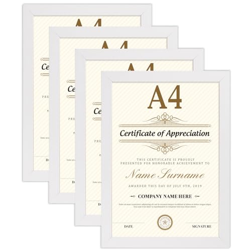 EXYGLO Vit A4 fotoram uppsättning med 4 – klassiska A4-fotoramar för vägg- och bordsblöjor, perfekt för certifikat, affischer, dokument och konstverk
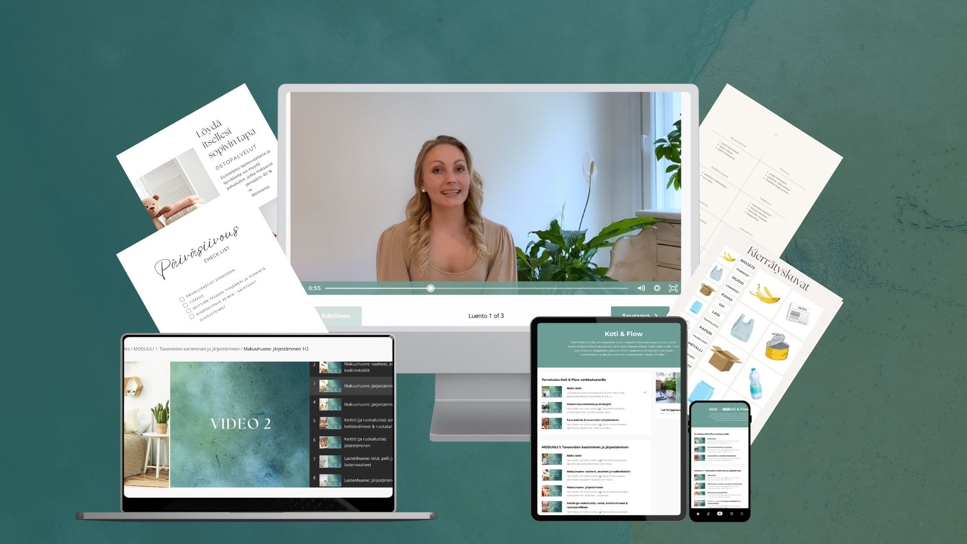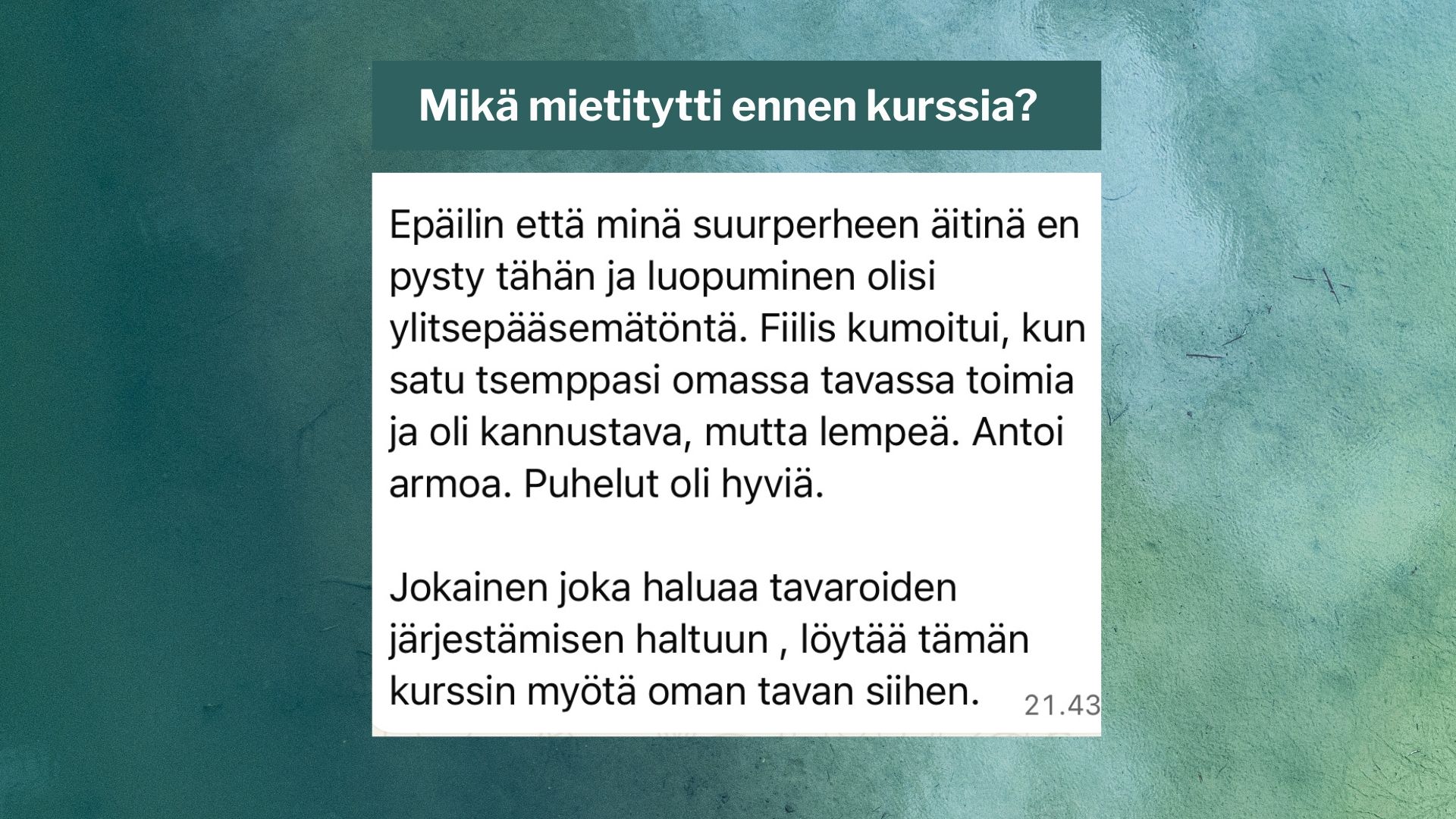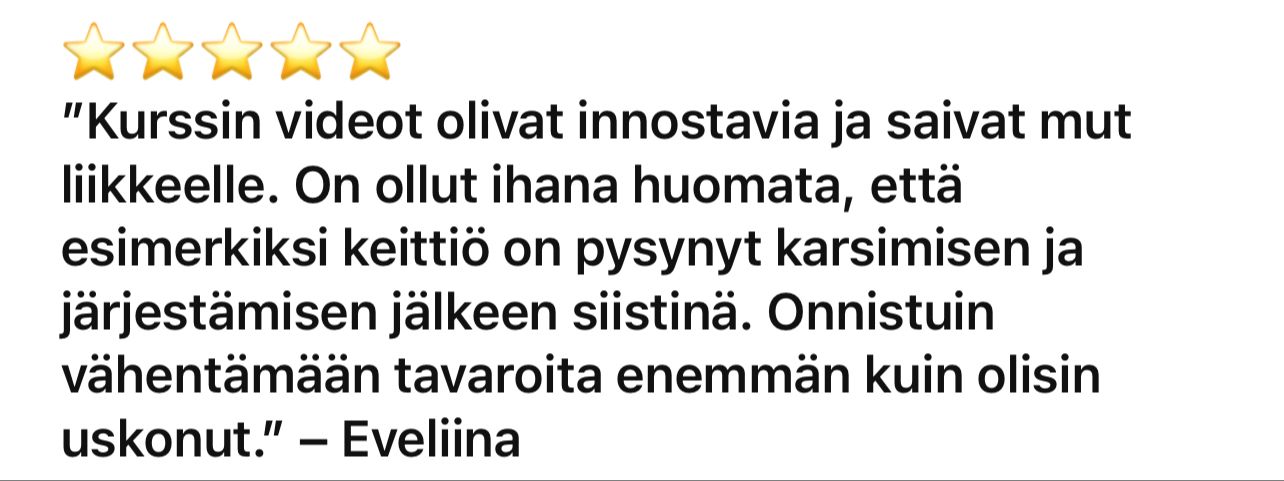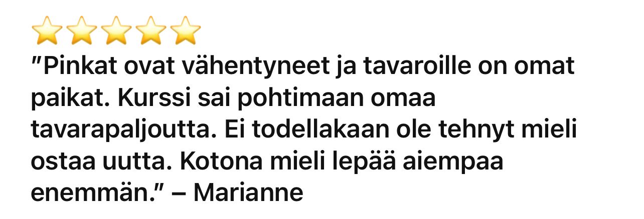 Kurssi syntyi omasta turhautumisestani: siivosin ja järjestelin, mutta se ei ollut koskaan pysyvää. Aina kun sain yhden kaapin järjestykseen, olohuoneessa odotti jo uusi kaaos ja jos viikonloppuna viikkailin vaatteita kauniisti paikoilleen, ne olivat parin päivän päästä taas pitkin lattioita.
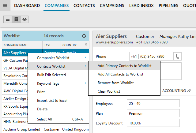 Right-click on a company from the companies list and select Companies Worklist > Add to Worklist. You can also bulk-select and assign multiple companies or contacts to the worklist at once.
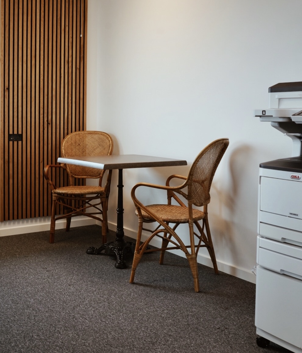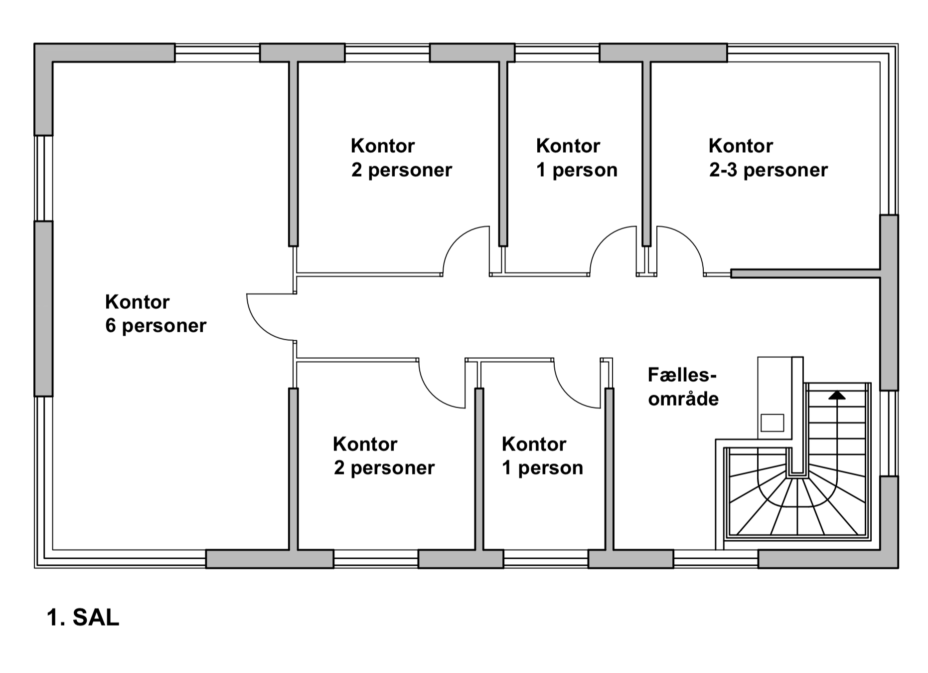 Bygningen er renoveret med lydisolering af kontorer og mødelokale.

• • • • • • •

From the first line to the last, copy the listing above exactly and leave out the images.

 EXYGLO Vit A4 fotoram uppsättning med 4 – klassiska A4-fotoramar för vägg- och bordsblöjor, perfekt för certifikat, affischer, dokument och konstverk
 Kurssi syntyi omasta turhautumisestani: siivosin ja järjestelin, mutta se ei ollut koskaan pysyvää. Aina kun sain yhden kaapin järjestykseen, olohuoneessa odotti jo uusi kaaos ja jos viikonloppuna viikkailin vaatteita kauniisti paikoilleen, ne olivat parin päivän päästä taas pitkin lattioita.
 Right-click on a company from the companies list and select Companies Worklist > Add to Worklist. You can also bulk-select and assign multiple companies or contacts to the worklist at once.
 Bygningen er renoveret med lydisolering af kontorer og mødelokale.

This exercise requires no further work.